By erasing all this, we also erase our moments of happiness and easiness.

We erase our childhood and comfort. We demolish our past and destroy our present by being completely empty in our lives today. What kind of future are we going to create under those conditions? Have you thought about this? Doesn’t it all sound scary? Yes! But we prefer not to think about it, and of course, not to talk about it either. If someone raises that topic, we’ll jump on his or her throat and cross him or her out from our lives for being rude or nosy or weird … or whatever other label we prefer

Instead, we should’ve asked ourselves a ton of questions. The first couple of them being: where are we heading with all the actions that we are taking today, and what is it that we’re going to get in the future?

Well, I do want my future to be bright and happy but I still want to remember my past. I do want to look at myself when I’m 80 and still see my sleepless 20s, when I was young and headless. I also want to see the sleepless nights when I woke up to feed my child. I want to see gray hair that symbolizes my experience in America. I do want to remember where I came from and where I am heading; what are my goals and desires are.

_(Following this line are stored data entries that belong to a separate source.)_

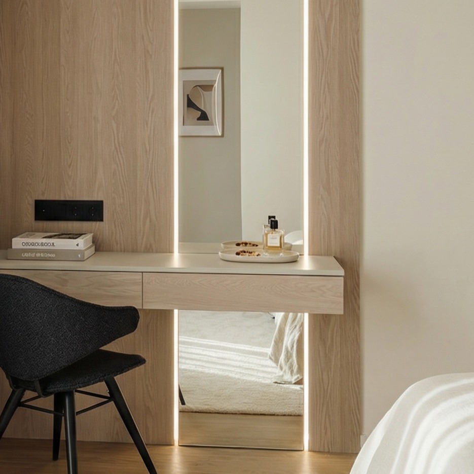 A multi-functional oak sanctuary designed for moments of personal care and quiet reflection. Integrating floor-to-ceiling shelving with a full-length backlit mirror, it creates a harmonious corner of warmth and linear light.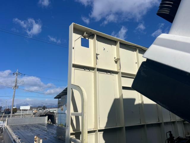 三菱ふそう スーパーグレート 4軸低床 山田ボディ製アルミブロック 平ボディ 積載14t板張り 内フック付き スタンション付き NOx・pm適合 2人乗り キセノンヘッドライト ベット付き リアエアサス ミッション7速(3ペダル)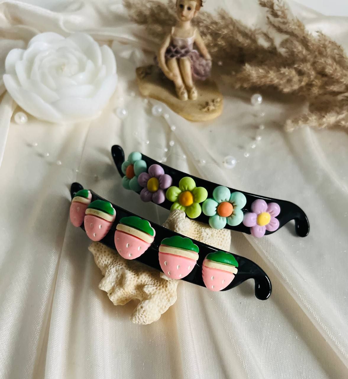 گیره چفتی آبشاری با طرحهای گل و میوه زیبا، انتخابی شیک و کاربردی برای خانمها و دختران است. این گیره با طراحی آبشاری و چفتی محکم، موها را مرتب و زیبا نگه میدارد.
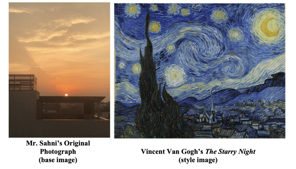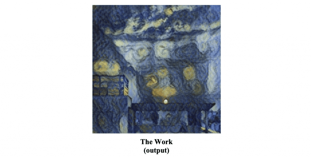 Some background: The matter got its start in December 2021 when Sahni filed an application to register the SURYAST work, listing two authors in his application: himself as the author of “photograph, 2-D artwork” and the “RAGHAV AI Painting App” as the author of “2-D artwork.” Sahni identified himself as the sole copyright claimant. In response to a request for additional information, Sahni told the Copyright Office that he created the work by using RAGHAV, which “generat[es] an image with the same ‘content’ as a base image” – Sahni used an original photo that he took – but “with the ‘style’ of [a] chosen picture” (van Gogh’s Starry Night in this case). RAGHAV users can dictate the level of stylization of the new photo by selecting a numerical value in RAGHAV.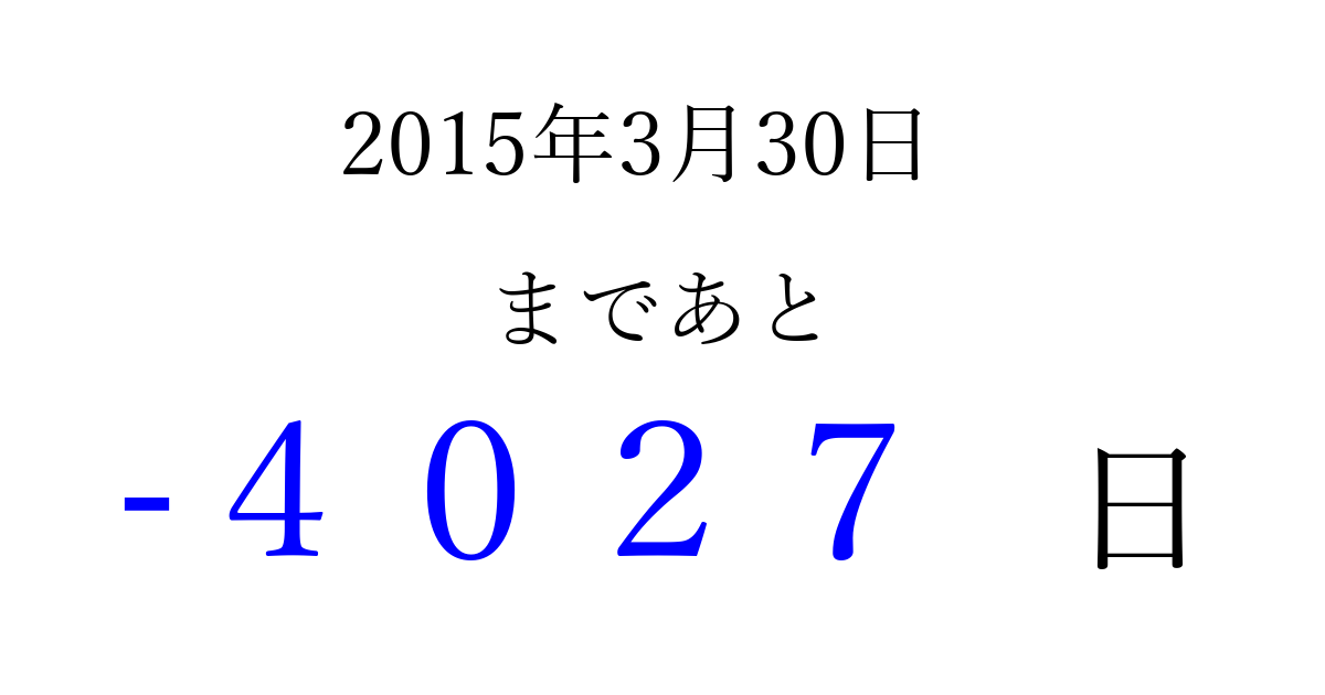 2015年3月30日(月)は もう 0000 日過ぎました 追加すると、トップページからすぐ選べるようになります ※2026/04/08現在の結果です。 最新の状態に更新する ↓シェアして、タイムライン上にカウントダウンを表示しよう!↓ 📤 この結果を共有する Tweet シェア Threads Bluesky 別の日付でカウントダウン 2015年3月のカレンダー このページをブックマークに追加すると、いつでもカウントダウンを確認できます。 (PC: Ctrl+D / Mac: ⌘+D) hitome-notes.comでは以下のページも運営しています。 指定日と期間から日付を計算 | ガチャ確率計算・シミュレーション | プライバシー・ポリシー 運営者:Avocado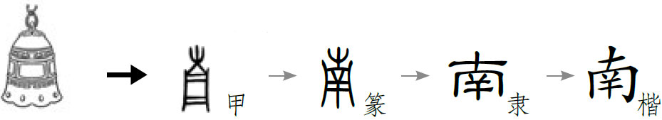 南原本是一种类似编钟的乐器,后来变成了专指方向的名词。 |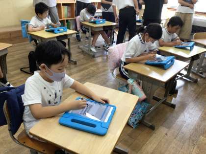 タブレットを活用して、自分の考えをまとめたり、具体物の操作活動をしたりしていました。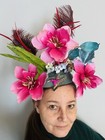 Hat Fascinator Pink Purple White Flowers Sparkly Headband Ooak Derby Any Event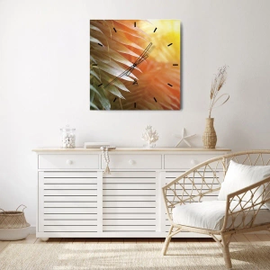 Wanduhr - Glasuhr - Eine Nahaufnahme von Palmblättern in warmen Orangetönen. - 30x30cm - Morgen im Dschungel - Moderne Wanddekoration für Wohnzimmer, Küche und Schlafzimmer ARTTOR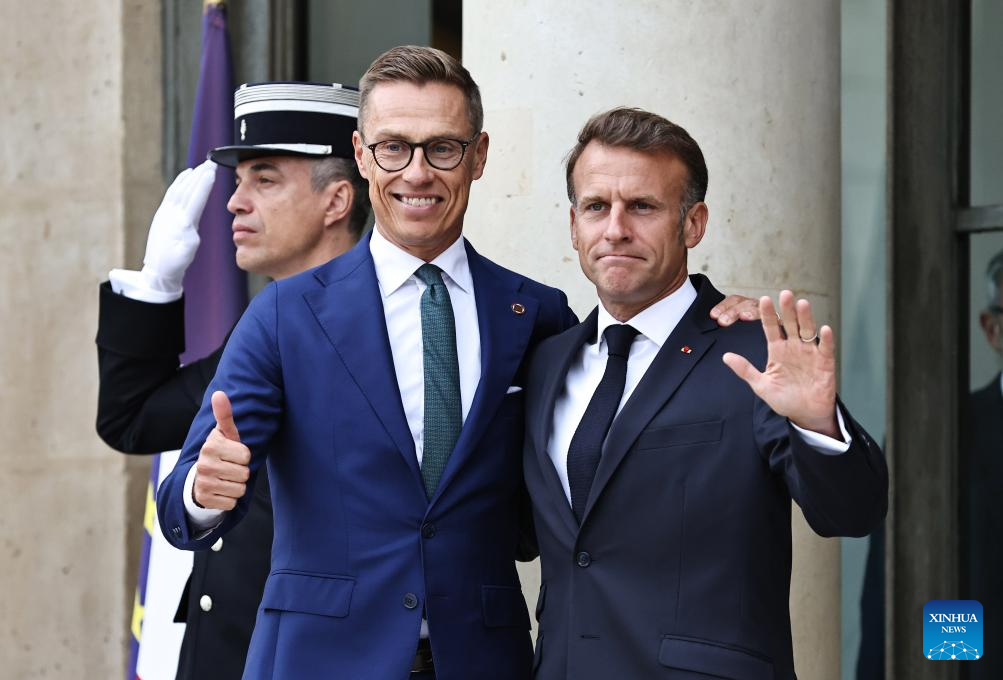 O presidente francês, Emmanuel Macron (direita), acena com o presidente finlandês, Alexander Stubb, em sua chegada para participar da reunião da "Coalizão dos Dispostos" no Palácio do Eliseu, em Paris, França, em 4 de setembro de 2025. Macron anunciou na quinta-feira que 26 países, a maioria europeus, se comprometeram formalmente a enviar tropas como parte de um futuro cessar-fogo russo-ucraniano, embora não diretamente na linha de frente. (Xinhua/Gao Jing)
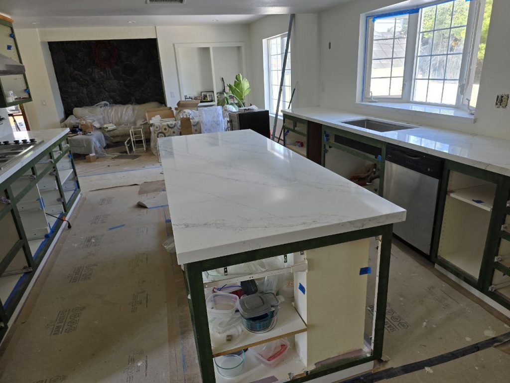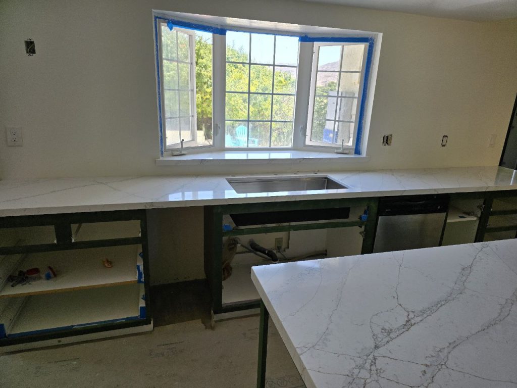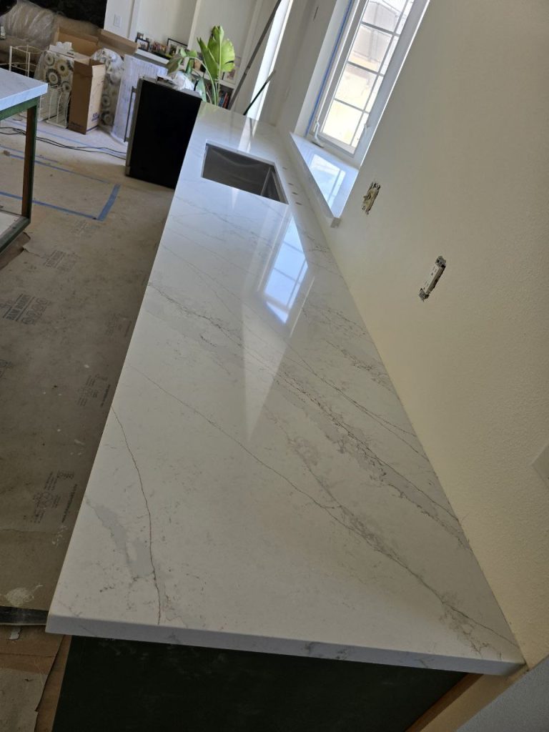 Quartz kitchen countertop, Barbara Dr, Santa Rosa Valley Status: Completed MSI Calacatta Viraldi slab for kitchen countertop. ← Quartzite kitchen countertop, Calle Montilla, Santa Barbara Quartz vanity top, Woodburn Ave, Westlake Village →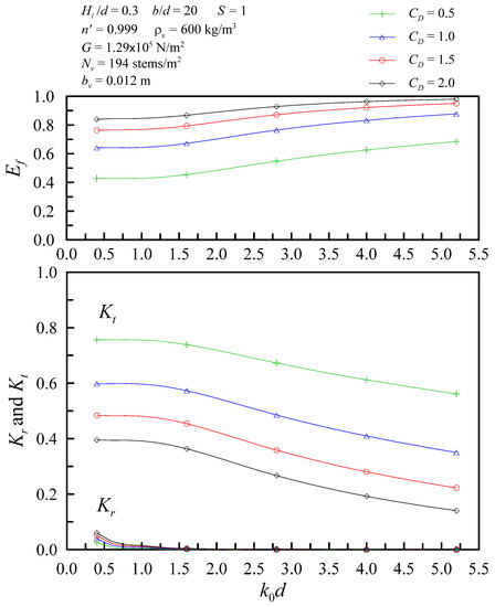 The drag coefficient, , owing to the effect of emergent vegetation, is generally related to the characteristics of the plant (geometry, stem density, spatial coverage, buoyancy, stiffness, etc.) and the hydrodynamic conditions (water depth, wave period, wave height, etc.). To investigate the influence of the drag coefficient of the emergent vegetation, the set of input conditions of water waves and vegetation used for the computations were 0.3; 0.3 m; 20; 1.0285; 0.012 m; 194 steams/m2; 1; 0.333; 0.999; 600 kg/m3; 1000 kg/m3; 1.12 × m2/s; 4.35 × m2/N; 1.29 × N/m2; and 0.5, 1.0, 1.5, and 2.0. The variations in and , and the energy dissipation, , as a function of for , are revealed in Figure 6. The wave reflection is marginal, and the reflectance is only slightly increased when the wave condition, , is less than 1.5. This is mainly because the vegetation is highly permeable and most of the wave energy passes through the vegetation. As decreases (towards shallow-water conditions), the wave transmission increases gradually and then tends to reach a certain value, and the wave energy dissipates gradually and then tends to reach a constant value. In addition, as the drag coefficient, , increases, the wave energy dissipation, , increases, and the wave transmission, , decreases.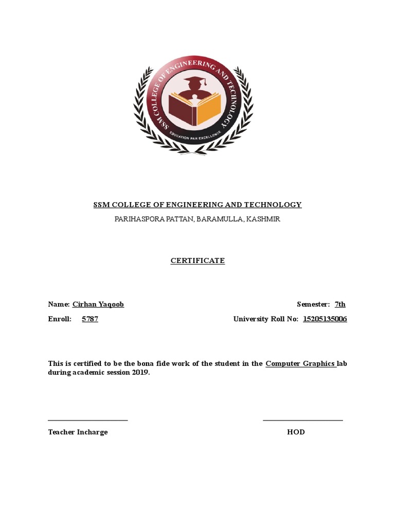 This is certified to be the bona fide work of the student in the Computer Graphics lab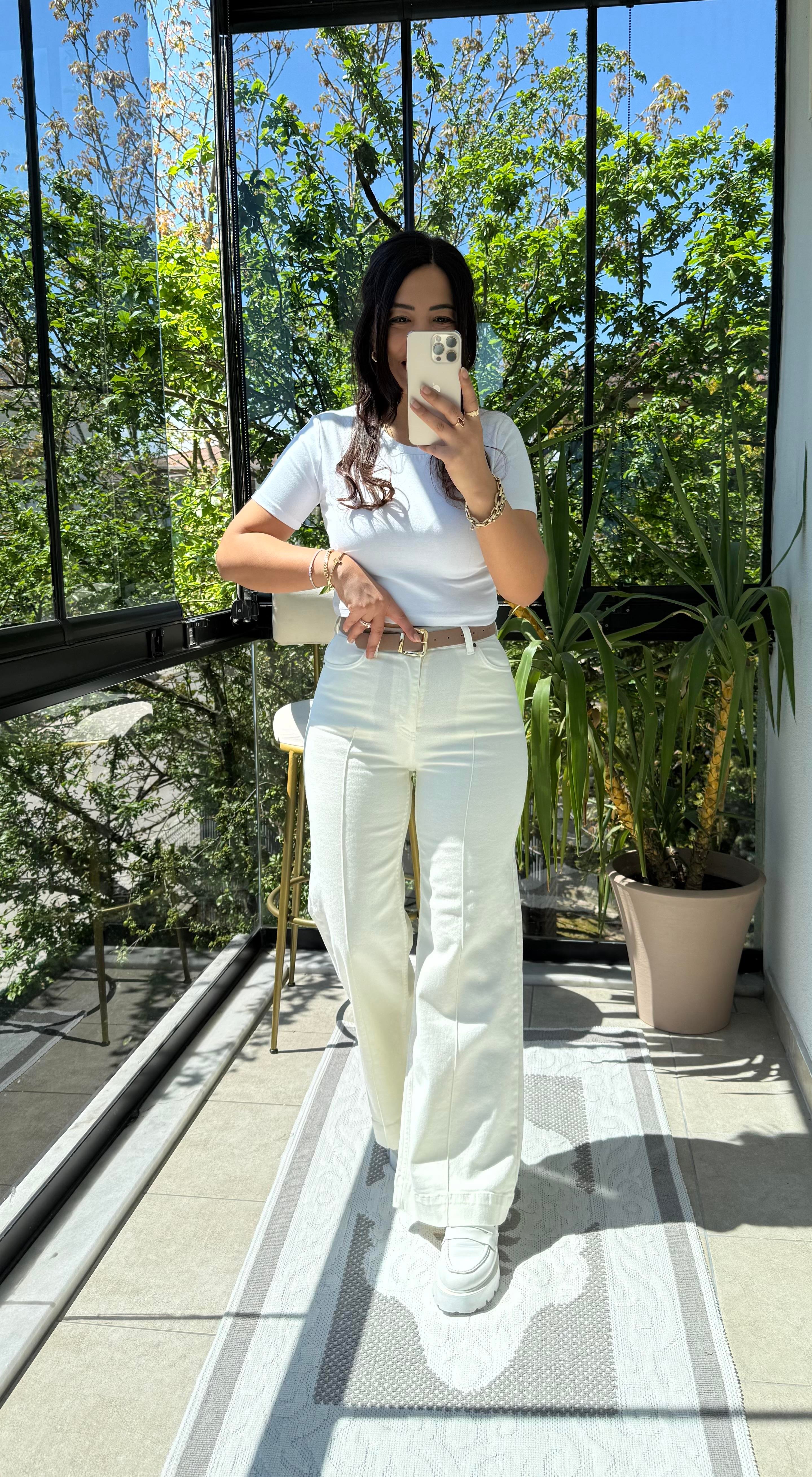 Çımalı Kot Pantolon Krem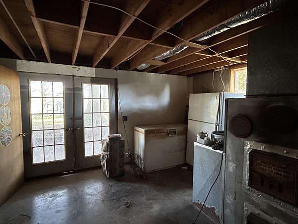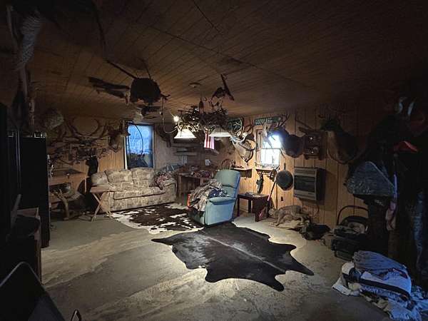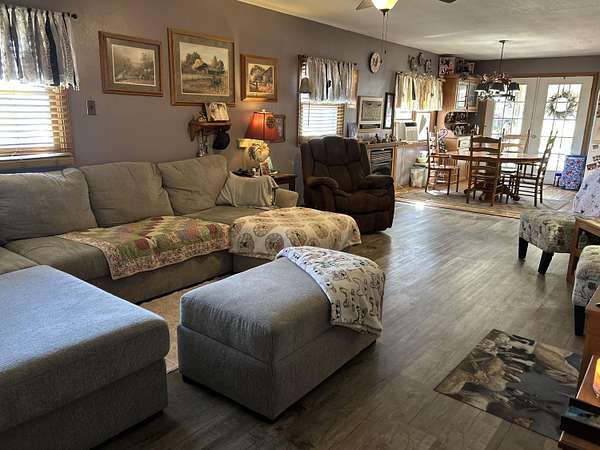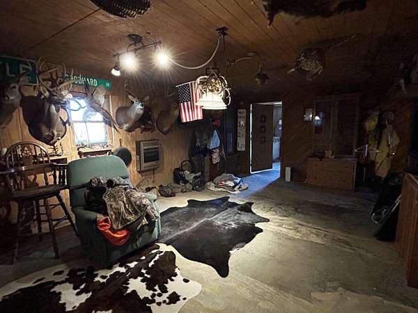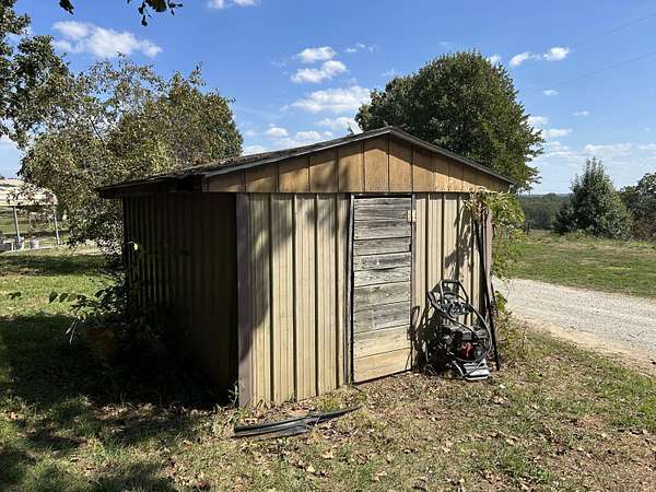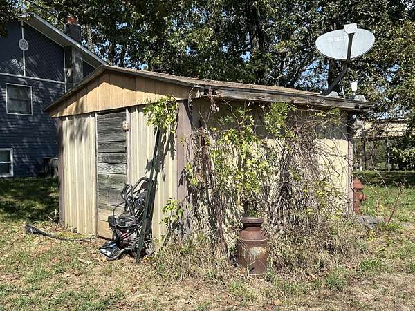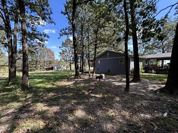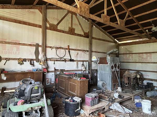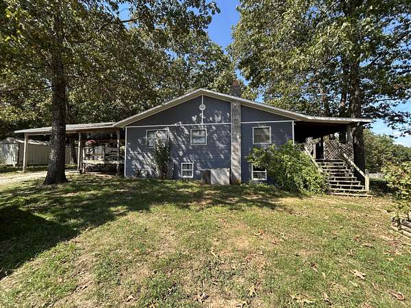 Spacious home with multiple outbuildings on approximately 7.65 acres! This 3-bedroom, 2-bath property offers 1,440 sq. ft. of main floor living space. The home features central heat and air for year-round comfort, plus a partially finished walk-out basement with a wood furnace for supplemental heat. The kitchen boasts beautiful oak cabinets, abundant countertop space, and a convenient snack bar, with matching oak cabinetry in the main floor bathroom. The primary bedroom includes two walk-in closets, a dressing area, and a luxurious soaker tub. The living room opens to a full-length side porch, perfect for grilling, entertaining, and enjoying the quiet countryside, along with an inviting covered front porch. The large yard features mature trees and offers panoramic views.Outside, you'll find a 30x40 metal barn with dirt floor, 10-ft sides, an 18x40 lean-to, and a Viktor wood furnace. Additional outbuildings include a 12x22 metal building with concrete floor, 8-ft sides, and a lean-to, a chicken house, an 8x24 chicken barn with runs, a well house, and an insulated dog kennel with 3 outside runs -- providing plenty of room for storage and hobbies. The land includes both wooded areas and pasture divided into three fenced sections, plus a small pond. All measurements are approximate. This property combines comfortable living with country charm and plenty of space for work, play, or hobby farming.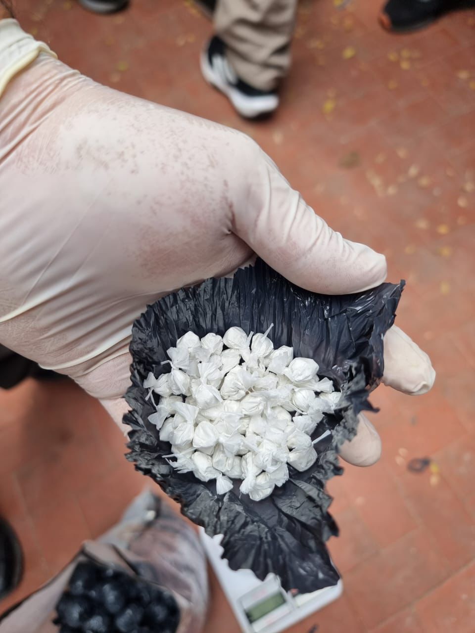 Dentro del inmueble se detuvo a un hombre de 43 años y se secuestraron dos ladrillos compactos de cocaína envueltos en cinta amarilla, además de numerosas “bochitas” listas para la venta al menudeo, una balanza de precisión y un cuaderno con anotaciones del narcomenudeo. En total, la droga incautada pesó 3,168 kilos (2,050 kg en ladrillos y 1,118 kg fraccionada).

Mine! Not someone else’s. Not society’s rules and alterations. No, mine and only.

I do want to chuckle with my husband on words like “remember when I was young and had a great butt”. I do want to remember my pregnancies and everything that relates to them, and if I try to change my face and body — I wouldn’t be me. I’ll be another person. Someone whose personality is based on their physicality, not at all based on their experience. And here we enter the real problem of disconnect.

But that’s a different huge topic that’s reserved for another discussion.

Accepting ourselves the way we are is the only way to heal ourselves. All of us have tons of wounds that we need to heal. But running away from them and hiding is not going to help to solve the issue and make us feel at ease. No it’s just the opposite. It confuses us and our mind more, and we sink deeper and deeper into the darkness of our own demons.

I look at myself in the mirror and see how imperfect I am. I see all my good and bad experiences. I see all the struggles through life and all the challenges I encountered that i still faced in order to learn to grow spiritually. I have a constant reminder about my own family and how it wasn’t perfect, yet they are my only parents whom I adore and love dearly.

I see myself struggling through accepting myself and my new life in the States, along with so many other experiences I’ve had in my life…

I don’t want to go back to my 20s or 30s, and I don’t want to have perfect skin, or a perfect body. I don’t. What I do want is to be able to stand out from the crowd and be noticeable because of my wrinkles, my far-from-ideal tummy, my grey hair that proclaims my life, experience and my soul.

My pain taught me how to love, my pain taught me how to live, My pain taught me how to accept. I don’t want any other life or experience because all of that makes me me — the me I am today — and what’s more precious than that?